Other common issues present different challenges for students using LLMs to elicit formative feedback. For instance, the prompt protocol in the presentation revealed a tendency for AI to provide contradictory advice when its suggestions are queried, leading to a confusing stance on whether or not an issue raised actually constitutes a point for improvement within the source text. When tasked with rewriting prompt material for improvement, LLMs consistently misconstrued (and therefore left absent) some of the nuances of my original review, in a fashion which changed key elements of the original argumentation without acknowledgement. The potential challenges for student users which arise from these tendencies is discussed in more detail in the presentation’s notes.
In addition to giving some indication of the potential role of LLMs in formative feedback, this task has also prompted me to reflect on the way I approach and understand generative AI as an educator.
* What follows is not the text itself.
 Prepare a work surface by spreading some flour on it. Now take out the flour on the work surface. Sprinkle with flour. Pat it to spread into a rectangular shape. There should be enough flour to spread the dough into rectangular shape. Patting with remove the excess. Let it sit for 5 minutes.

Going forward, I want to suggest two points of reflection for future tasks used to generate and model LLM output in pedagogical contexts. Firstly: is the task a reasonable one? Using LLMs ethically requires using my own writing as a basis for prompt material, but my choice to use published work means that the text in question had already been re-drafted and edited to a publishable standard. What improvements were the LLMs supposed to find, at this point? In future, I would be interested to try eliciting LLM feedback on work in progress as a point of comparison.
Secondly, is the task realistic, i.e. does it accurately reflect the way students use and engage with AI independently? The review in my presentation, for example, presupposes that the process of prompting an LLM for improvements to pre-written text is comparable to student use of these programmes. But how accurate is this assumption? In the Department of Applied Linguistics, our in-progress Univoice project sees student researchers interviewing their peers about their academic process. Data from this project might provide clearer insight into the ways students employ AI in their learning and writing, providing a stronger basis for future critical investigation of the strengths and limitations in AI’s capacity as a tool for feedback.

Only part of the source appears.